I've worked around this issue in my own code now, so what do you think about me just doing this rename? Then there will be no confusion between this pass and the new AliasAnalysis (and their definitions of aliasing). I think that confusion is good to avoid, and since I have a different solution for my own use case, I can avoid creating more confusion by creating another Analysis at this time.

herhut added a comment.May 7 2021, 2:13 AM

I've worked around this issue in my own code now, so what do you think about me just doing this rename? Then there will be no confusion between this pass and the new AliasAnalysis (and their definitions of aliasing). I think that confusion is good to avoid, and since I have a different solution for my own use case, I can avoid creating more confusion by creating another Analysis at this time.

+1 to renaming it to avoid confusion in the future.

I've worked around this issue in my own code now, so what do you think about me just doing this rename? Then there will be no confusion between this pass and the new AliasAnalysis (and their definitions of aliasing). I think that confusion is good to avoid, and since I have a different solution for my own use case, I can avoid creating more confusion by creating another Analysis at this time.
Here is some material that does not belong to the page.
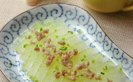 3、将冬瓜片放入盘中铺平,将腌好的肉末铺在冬瓜上,放入蒸锅里,用中火蒸8分钟至冬瓜熟透;

+1 to renaming it to avoid confusion in the future.

+1 to renaming :)

tpopp updated this revision to Diff 343669.May 7 2021, 7:10 AM

Change this patch to just a rename and expanded documentation.

This revision was not accepted when it landed; it landed in state Needs Review.May 7 2021, 7:13 AM
This revision was landed with ongoing or failed builds.
This revision was automatically updated to reflect the committed changes.